Sorry if I'm repeating the thread, but I could not find older info. 
I was wondering if there is a store that sells multiple betta aquariums. Not the small plastic ones but rather larger, longer, not too high (30-40 gals maybe?) with dividers that can have nice water flow and heat going through. I've seen other peoples projects that they've made themselves but I'm not very handy and I don't know anybody who can help me with that.
Since betta fish are more popular now, you would think they start to make something reasonable for them as well. Any ideas or info? I live in canada and I've read somewhere they may sell them in states. Is that true? If so, where?Thanx in advance for all responses


----------



## BerkB33 (Oct 23, 2009)

Two sites that immediately came to mind were Glasscages.com and Aquariummasters.com, they both offer a selection of custom betta tanks...and if they don't have what your looking for, they can manufacture one to your specs. Hope that helps.


----------



## 1fish2fish (Sep 10, 2009)

Its really not that hard to make your own dividers. As long as you can glue you can make them :-D. It would be MUCH cheaper than getting a custom tank.

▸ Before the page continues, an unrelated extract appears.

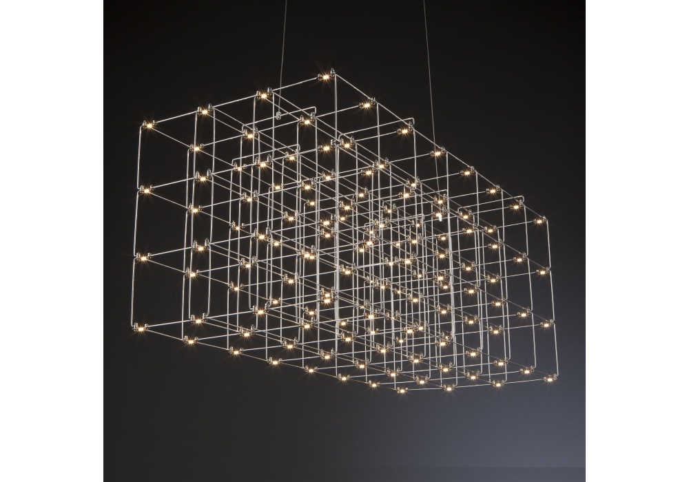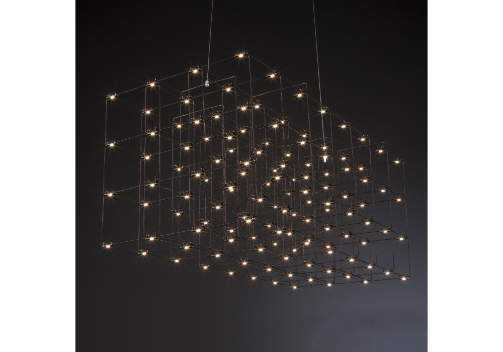 Cosmos Square designed by Jan Pauwels for Quasar is a pendant lamp with a black rosette and a quadrangular lamp body structured by a series of tubular rods anchored to each other. The light sources fixed to the supporting structure are of the LED type. Cosmos is available in different models and finishes.

I'm not sure about the sizes you are talking about but a 20 gallon long divided about 4 or 5 times would be really nice.


----------



## xxabc (Feb 1, 2010)

I would first buy the tank you want, be it 20, 30, or 40 gallons, and then make your own dividers. There's a great thread over at Betta Habitats/Accessories, etc. Here's the link. 

http://www.tropicalfishkeeping.com/...ories/dividing-tutorial-step-step-pics-40025/

Read it well, it's really good, and very cheap. I've made my own plastic mesh dividers for $3 tops.


----------



## roadrunner (Apr 3, 2010)

Thanx everybody for a quick reply. xxabc that's a very useful link. It's a fantastic idea and maybe i'll give it a try.


----------



## truthequalslies (Jan 21, 2010)

some pet shops here in ca have them but their really small and usually dont fit more then a gallon per divider what i wanna know is where to buy those petstore multiple tank things my clubleader has one but he bought it from a petstore that went outa buisness


----------